After writing about how to handle time in various databases, I got to thinking more about my recommendation to use TIMESTAMP WITH TIME ZONE
over DATE
in Postgres. TIMESTAMP
is stored in 8 bytes, while DATE
takes only 4. Perhaps in large datasets the smaller disk usage of DATE
could give it a significant performance advantage? This is my 100% non-scientific attempt to get a feeling for whether or not that advantage exists.
Generate some dates
Let’s make a million timestamps and a million dates along with some fake data:
CREATE TABLE timestamps AS
SELECT to_timestamp(floor(1420099200 + random() * 86400 * 365)) AS timestamp, floor(random() * 10000) AS value
FROM generate_series(1,1000000);
CREATE TABLE dates AS
SELECT to_timestamp(floor(1420099200 + random() * 86400 * 365))::date AS date, floor(random() * 10000) AS value
FROM generate_series(1,1000000);
The dates will be spread throughout 2015, and the values will be between 0 and 10,000.
Clock the queries
Let’s get the unique months in each set:
SELECT DISTINCT extract(month from timestamp)
FROM timestamps;
-- Time: 369.861 ms
SELECT DISTINCT extract(month from date)
FROM dates;
-- Time: 343.743 ms
Sum the values in the first six months:
SELECT SUM(value)
FROM timestamps
WHERE timestamp BETWEEN '2015-01-01' AND '2015-06-30';
-- Time: 178.716 ms
SELECT SUM(value)
FROM dates
WHERE date BETWEEN '2015-01-01' AND '2015-06-30';
-- Time: 171.187 ms
Sum all values grouped by month:
SELECT extract(month from timestamp) AS month, SUM(value)
FROM timestamps
GROUP BY month;
-- Time: 1708.357 ms
SELECT extract(month from date) AS month, SUM(value)
FROM dates
GROUP BY month;
-- Time: 465.671 ms
Whoa, did I read that last one right? Yes, those are the numbers I’m getting pretty consistently on my local (virtual) box.
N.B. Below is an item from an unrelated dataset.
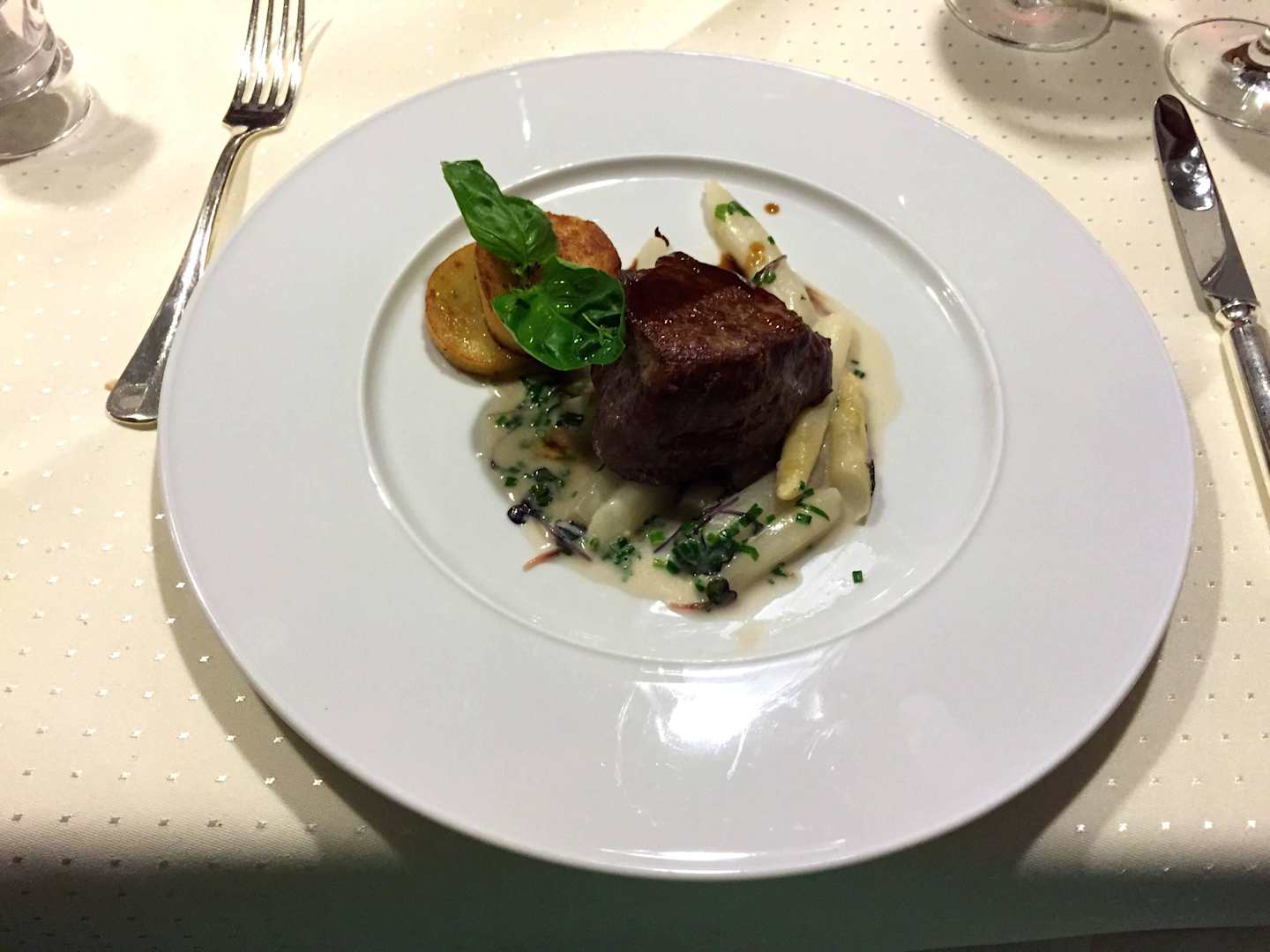 Spargelstücke mit Gartenkräutern , Filet vom Weiderind und Kartoffelplätzchen
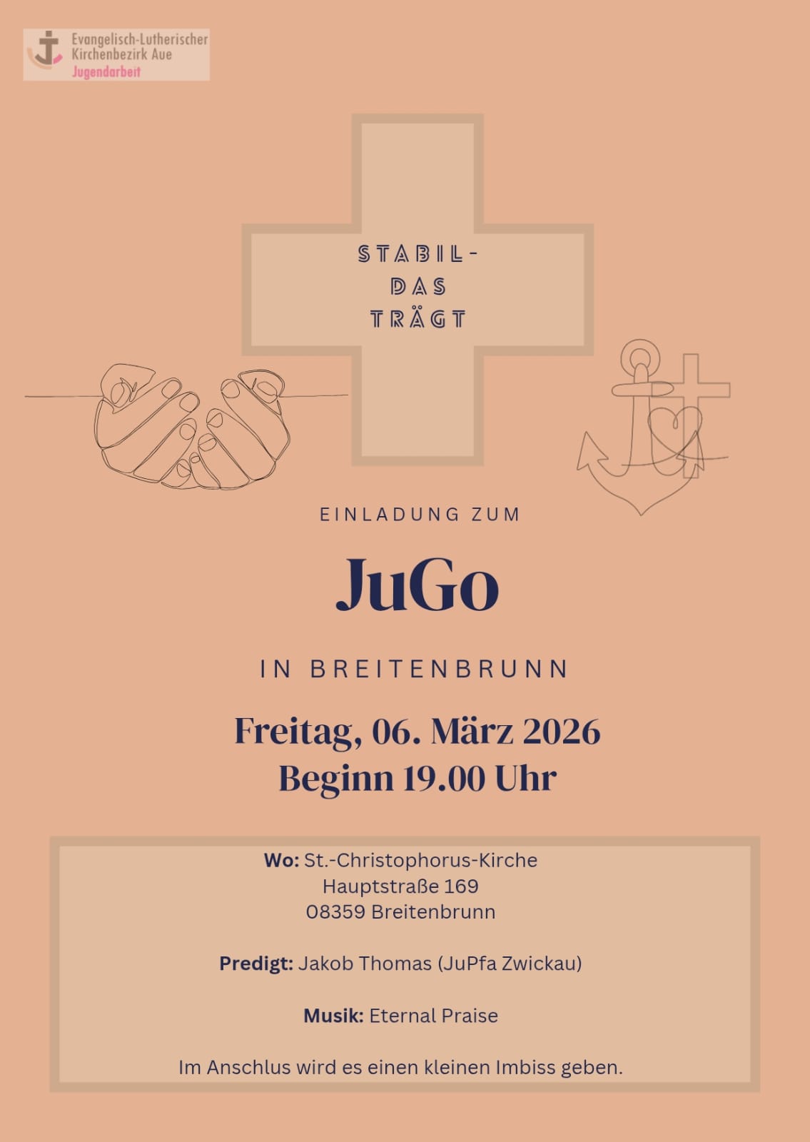 19:00 Uhr I St.-Christophoruskirche Breitenbrunn Thema: „Stabil – Das trägt“ Predigt: Jakob Thomas (JuPfa Zwickau), Musik: Eternal Praise Im Anschluss […]

Mostly it’s a close call, but that huge difference in the last test seems odd to me.
Is it the storage, or the timezone?
Maybe there’s some extra processing in addition to the extra size of timestamps. Let’s remove timezones from the equation while keeping the timestamps by creating and querying another table:
CREATE TABLE timestamps_2 AS
SELECT to_timestamp(floor(1420099200 + random() * 86400 * 365))::timestamp AS timestamp, floor(random() * 10000) AS value
FROM generate_series(1,1000000);
SELECT extract(month from timestamp) AS month, SUM(value)
FROM timestamps_2
GROUP BY month;
-- Time: 1593.808 ms
Ok, so timezones do slow things down a little bit, but the bulk of DATE
’s advantage is something else, presumably its smaller size. Again, though I’m not doing lots of samples and rounding, the run times I’m seeing are very consistent.
So should I use DATE
?
As they say, YMMV, but perhaps in larger datasets where you really don’t need the time component, converting to UTC and storing as DATE
may be the best approach. Just be sure to also convert any timestamps when comparing against those dates, or you’ll run into ambiguity. And unless you know TIMESTAMP
is going to be a bottleneck, just keep using it. As always, benchmark first.